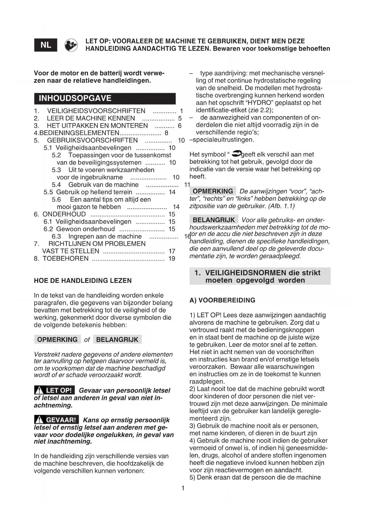 LET OP: VOORALEER DE MACHINE TE GEBRUIKEN, DIENT MEN DEZE HANDLEIDING AANDACHTIG TE LEZEN. Bewaren voor toekomstige behoeften Voor de motor en de batterij wordt verwe- zen naar de relatieve handleidingen. INHOUDSOPGAVE 1. VEILIGHEIDSVOORSCHRIFTEN ............. 1
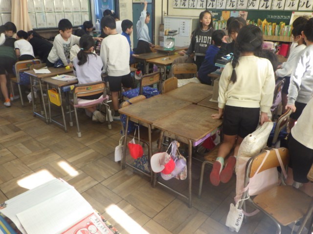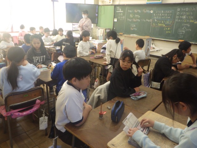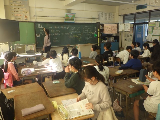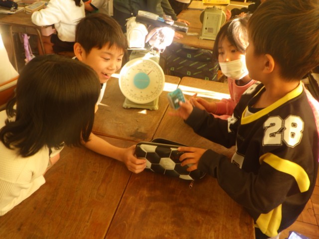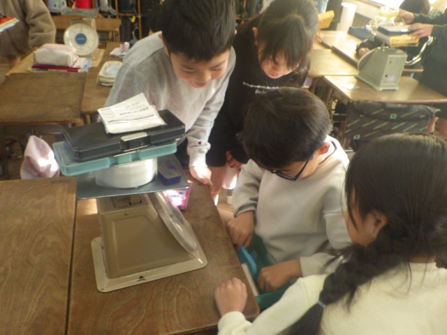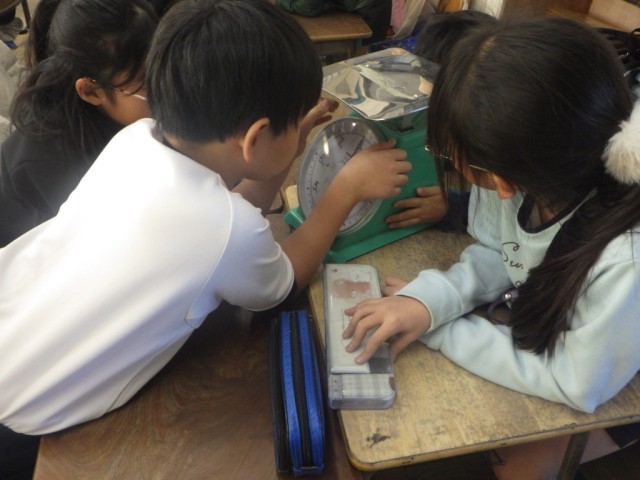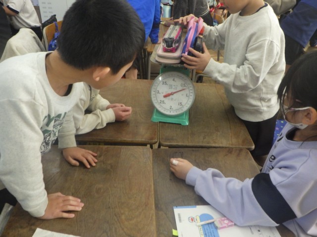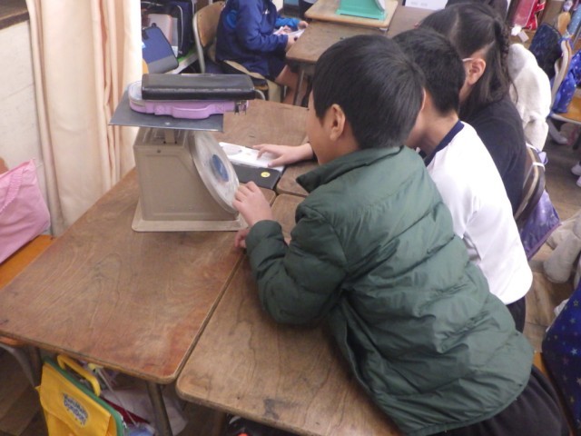 「重さ」の様子です。とても重い物の重さを表すにはどうしたらよいか、学習しました。その後、実際のはかりを使って「1Kg」の重さがどのくらいか実感しました。
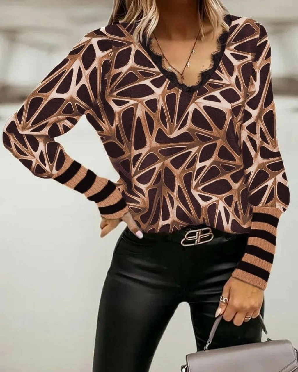 Kadın Uzun Kollu V Yaka Kenarları Güpür Detay şardonlu Dalgıç Bluz
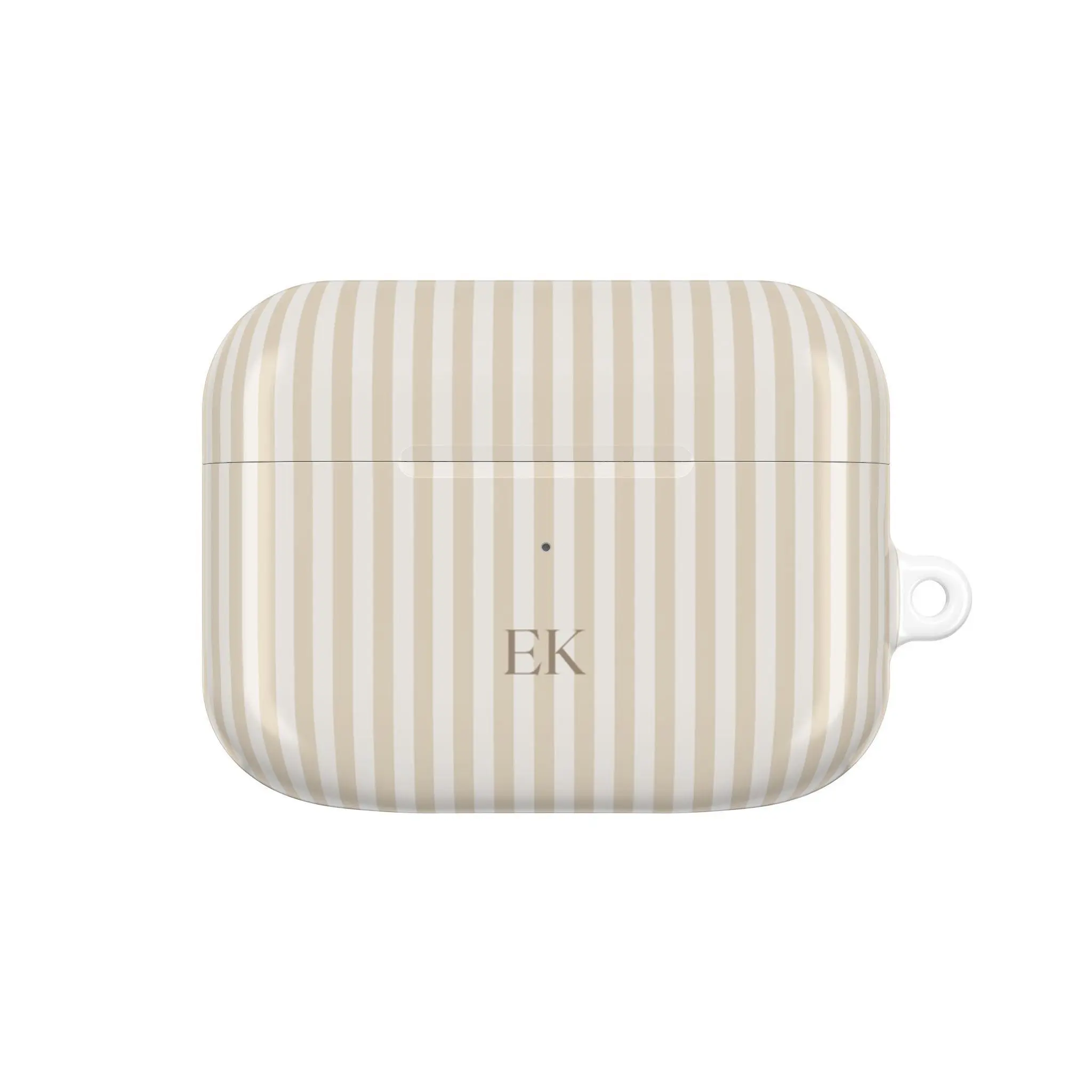 Personalized Beige AirPods Case Custom Monogram for AirPods 1 2 3 4, AirPods Pro 1 2 3, Brown Striped Aesthetic Earbuds Cover, Neutral Summer Protective Case
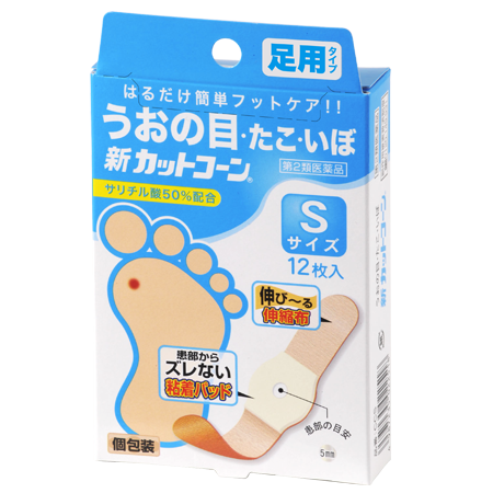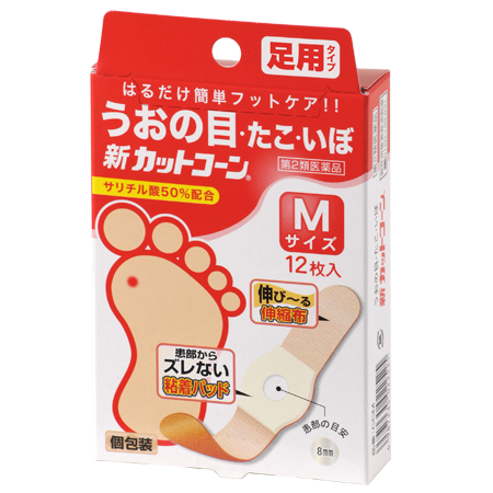 新カットコーンは、サリチル酸を50%配合した、うおの目・たこ・いぼ取り用の医薬品です。
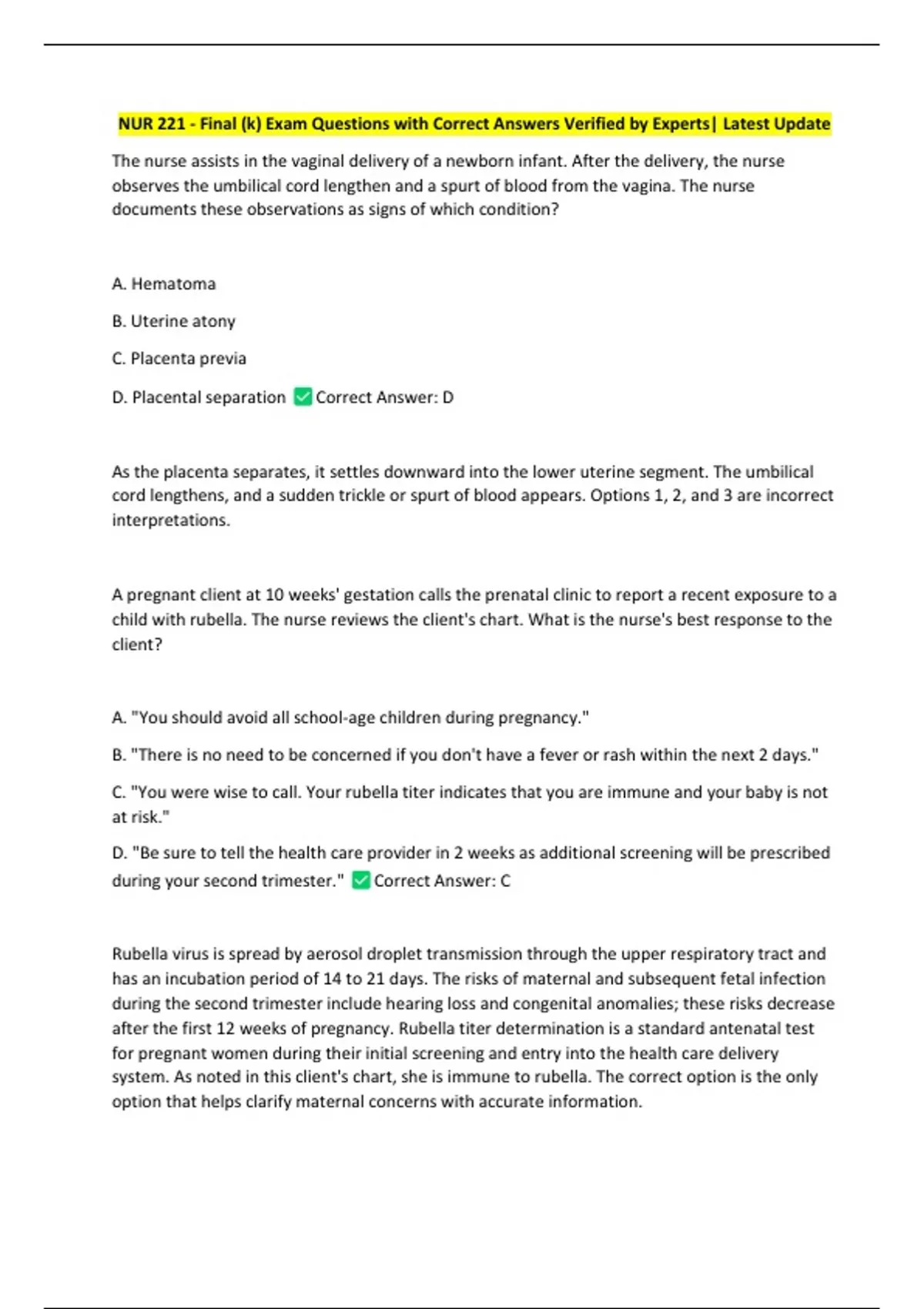 NUR 221 - Final (k) Exam Questions with Correct Answers Verified by Experts| Latest Update
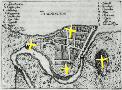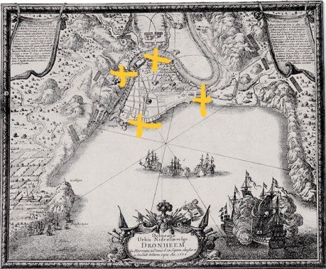 Первая точка — на востоке — городской форт Kristiansten Festning, расположенный на господствующей высоте.
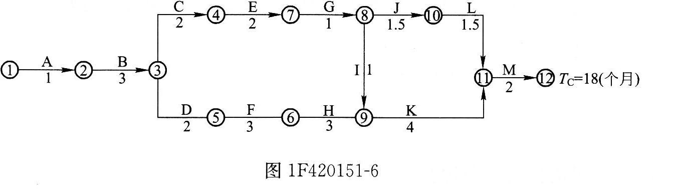35、 某水利水電工程項目的原施工進度網(wǎng)絡(luò)計劃(雙代號)如圖IF420151-6所示。該工程總工期為18個月。在上述網(wǎng)絡(luò)計劃中,工作C、F、J三項工作均為土方工程,土方工程量分別為7000m3、lOOOOm3、6000m3,共計23000m3,土方單價為15元/m3。合同中規(guī)定,土方工程量增加超出原估算工程量25%時,新的土方單價可從原來的15元/m3下降到13元/m3。合同約定機械每臺閑置1天為800元,每月以30天計;C、F、J實際工作量與計劃工作量相同。
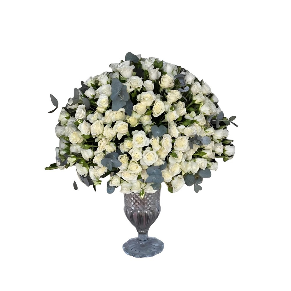 A bouquet containing white baby roses and eucalyptus leaves, arranged beautifully in a vase.
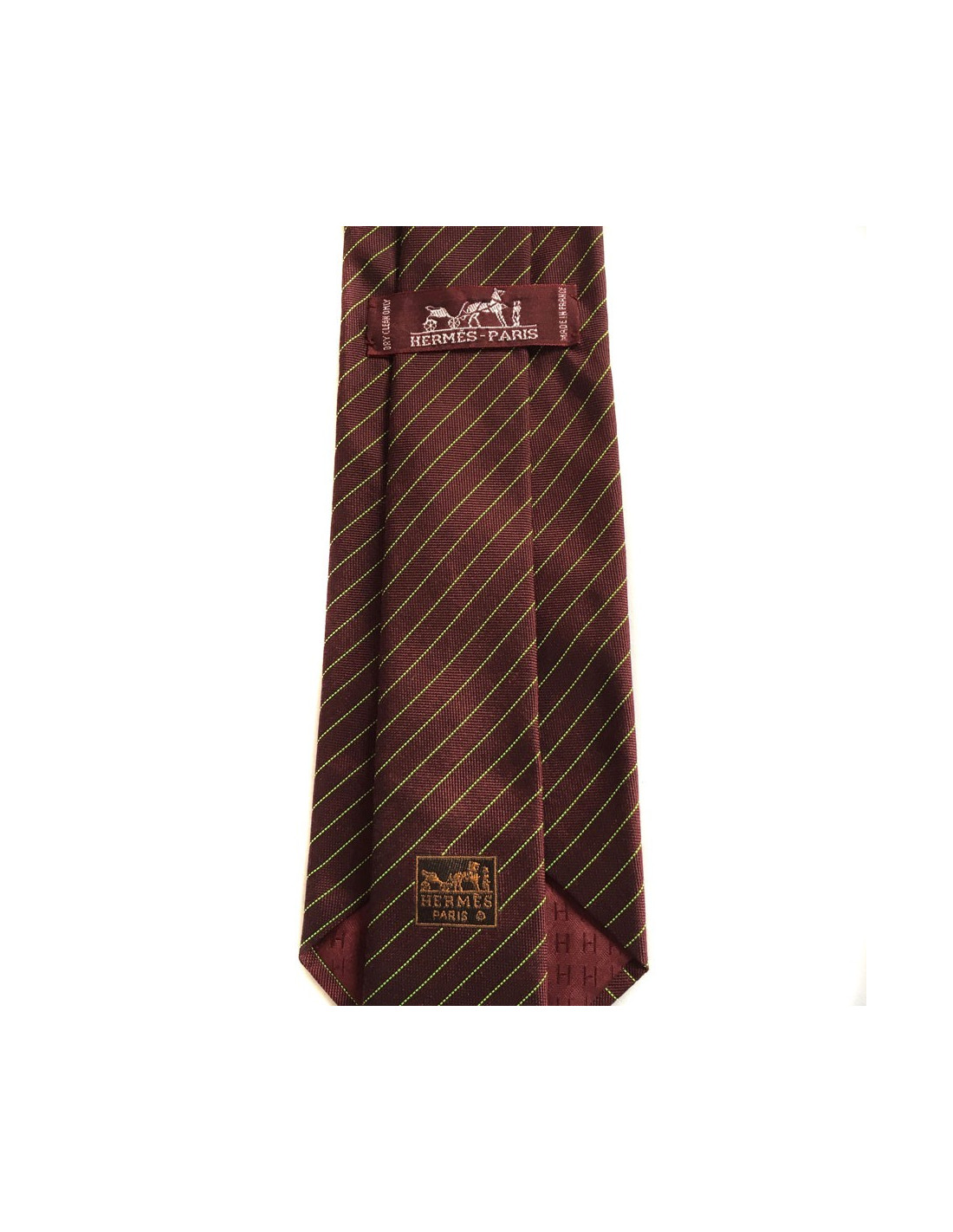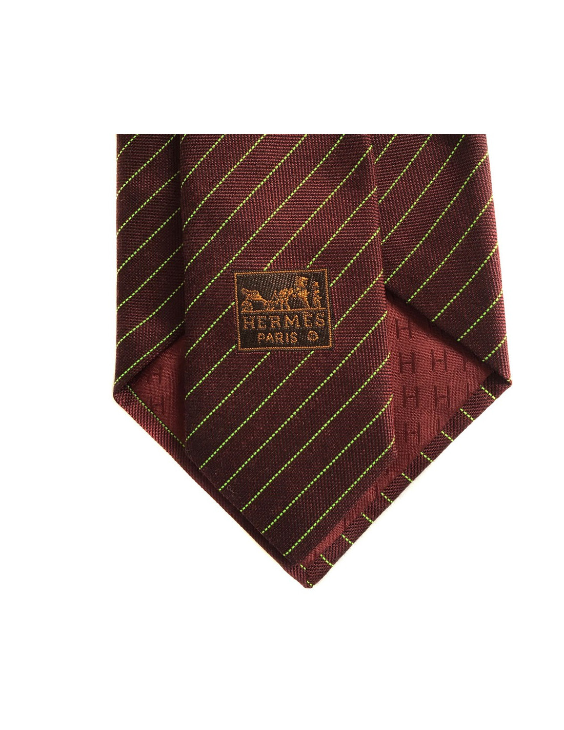 HERMÈS tie in burgundy silk and cashmere with fluo green lines

[What the task requires] Starting at the line that contains "Первая точка —", please write out each line through the last line of the data, both ends included, and keep pictures out of the copy.

[Task output]
 Первая точка — на востоке — городской форт Kristiansten Festning, расположенный на господствующей высоте.
35、 某水利水電工程項目的原施工進度網(wǎng)絡(luò)計劃(雙代號)如圖IF420151-6所示。該工程總工期為18個月。在上述網(wǎng)絡(luò)計劃中,工作C、F、J三項工作均為土方工程,土方工程量分別為7000m3、lOOOOm3、6000m3,共計23000m3,土方單價為15元/m3。合同中規(guī)定,土方工程量增加超出原估算工程量25%時,新的土方單價可從原來的15元/m3下降到13元/m3。合同約定機械每臺閑置1天為800元,每月以30天計;C、F、J實際工作量與計劃工作量相同。
 A bouquet containing white baby roses and eucalyptus leaves, arranged beautifully in a vase.
 HERMÈS tie in burgundy silk and cashmere with fluo green lines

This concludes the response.